To demonstrate the utility of mLiftOver in integrating Infinium data across multiple platforms (example function calls in Supplementary Fig. S2A), we applied it to integrate EPICv2 and HM450 data that profiled primary healthy tissue samples. We downloaded two healthy endometrium tissue methylomes and seven lung tissue methylomes (Noguera-Castells et al. 2023). We co-clustered the mLiftOver-converted methylomes with HM450 datasets of tumor-adjacent normal tissues from TCGA. As shown in Fig. 1E, the EPICv2-originated datasets correctly cluster with the corresponding lung and endometrium tissue samples. This suggests that mLiftOver faithfully maintained these biological samples’ epigenetic identities.

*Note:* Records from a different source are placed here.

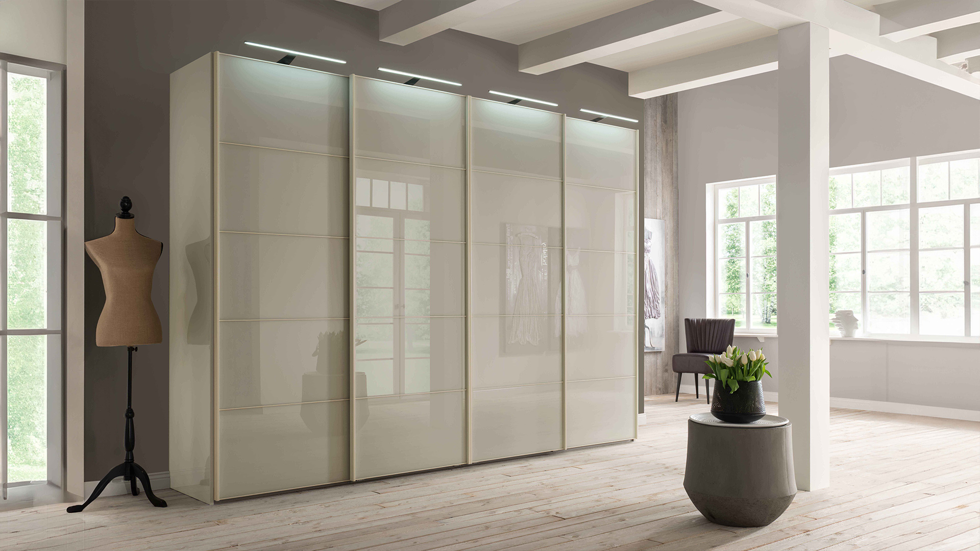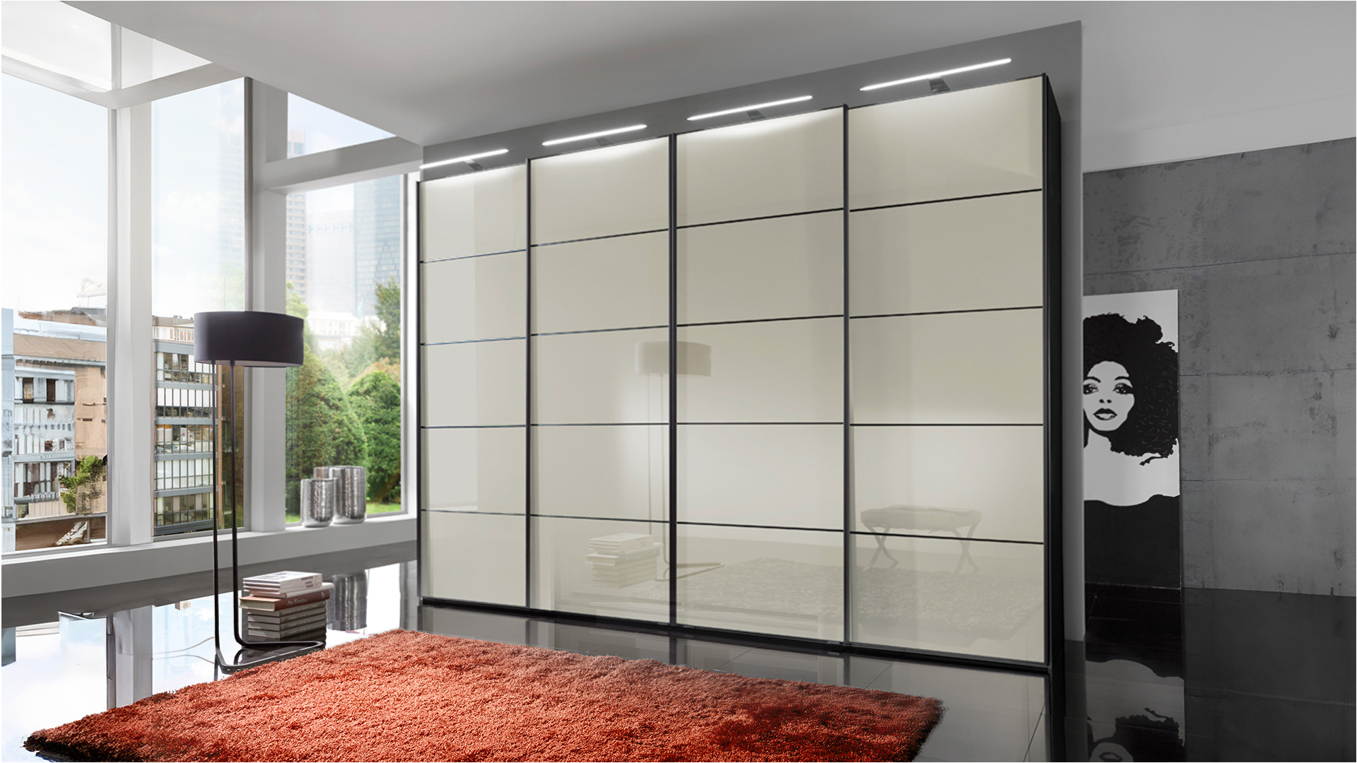 - Schwebetürenschränke in 8 Breiten und 2 Höhen
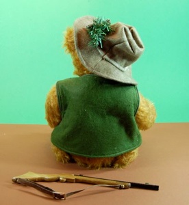 Ein ganz großer Jäger will er mal werden- unser Alpin Hunter Flori Hubertus mit der Nr. 12, der von Herman Coburg im März 2009 für einen exklusiven Katalogversandhändler in den USA in einer Auflage von 100 Exemplaren entwickelt wurde. Er ist ca. 38 cm groß, trägt eine schicke Lodenweste und das Hubertuszeichen, dem Schutzpatron der Jäger am Filzhut. Flori schiesst aber nicht auf unsere Wildsau von Kösen, er liebt sie und erfreut sich gemeinsam mit ihr an den Besonderheiten der Bayerischen Berge.
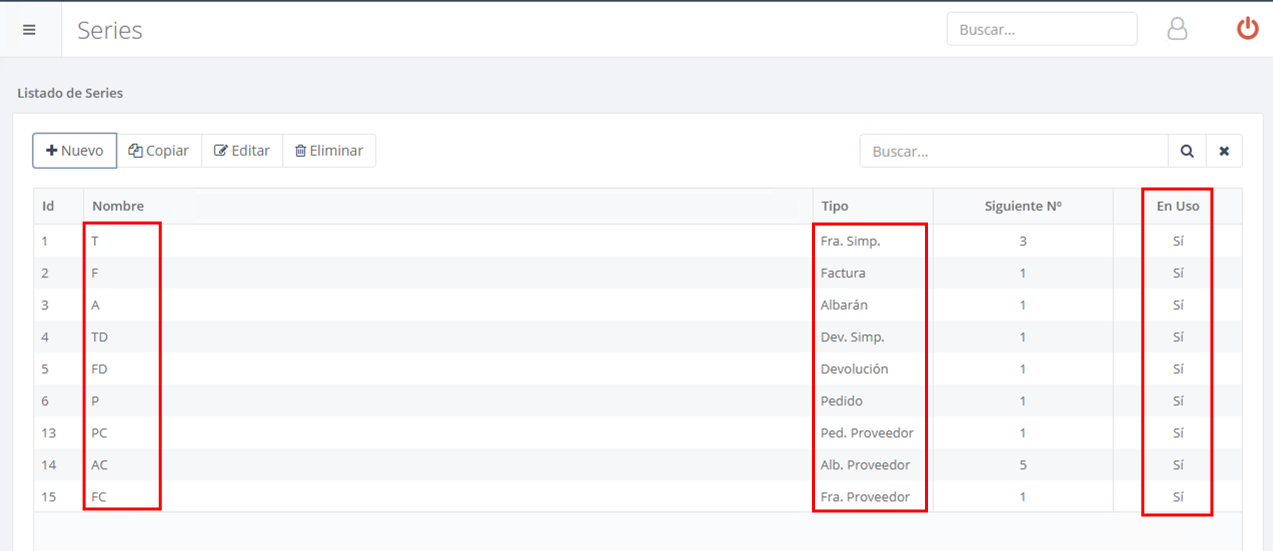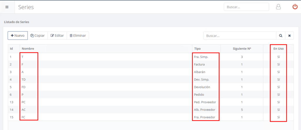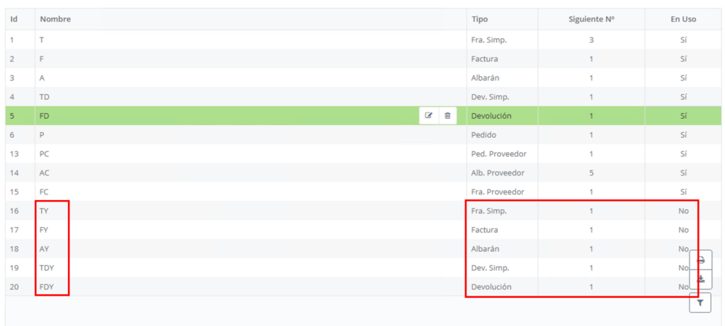 En el listado de series aparecerán estas nuevas referencias con su tipo y el siguiente número disponible. Hasta que no se asignen en la configuración global, figurarán como “En uso: No”.

Next, we evaluated whether predictive models trained on HM450 data can be used on mLiftOver-harmonized methylomes. We downloaded 22 primary tissue methylomes of the lung, breast cancer, and leukemia for cancer classification (Noguera-Castells et al. 2023). We applied a random forest classifier trained on 33 TCGA cancer types (Fig. 1F). The HM450-based classifier accurately predicts the cancer types of these methylomes except one, leading to an accuracy of 95%. We further evaluated the robustness of Horvath clock age (Horvath 2013) prediction by the degree of missing data imputation. As expected, data missingness is associated with loss of clock accuracy (Fig. 1G). Imputing 20 of 353 features led to a deviation of 1.71 years (Supplementary Fig. S2B).
Lastly, we tested the functionality of mLiftOver in converting signal intensities. Infinium array signal intensities are extensively used in discovering copy number aberrations. We benchmarked this functionality on EPIC and EPICv2 datasets profiling the K562 cell lines, a leukemia cell line associated with a characteristic copy number gain at chromosome 22 and loss of chromosome 9p (Zhou et al. 2019a). As expected, mLiftOver can produce consistent copy number profiles from EPICv1 native and EPICv2-harmonized data, capturing this hallmark structural variation (Fig. 1H).
Collectively, we demonstrate that mLiftOver enabled the integration of recent Infinium data with legacy data and allowed for legacy predictive models to be continuously used on data from updated platforms.
4 Discussion
The Infinium DNA methylation BeadChip has evolved significantly since its inception, progressing from the HM450 to the EPIC and EPICv2 array. While later versions often preserve a substantial portion of probes from a previous version, challenges persist in predictive modeling or longitudinal studies, where comparative analyses with historical data and models require identical probe IDs. This study introduces a user-friendly tool to streamline data harmonization across three dimensions: probe names, β values (methylation levels), and signal intensities.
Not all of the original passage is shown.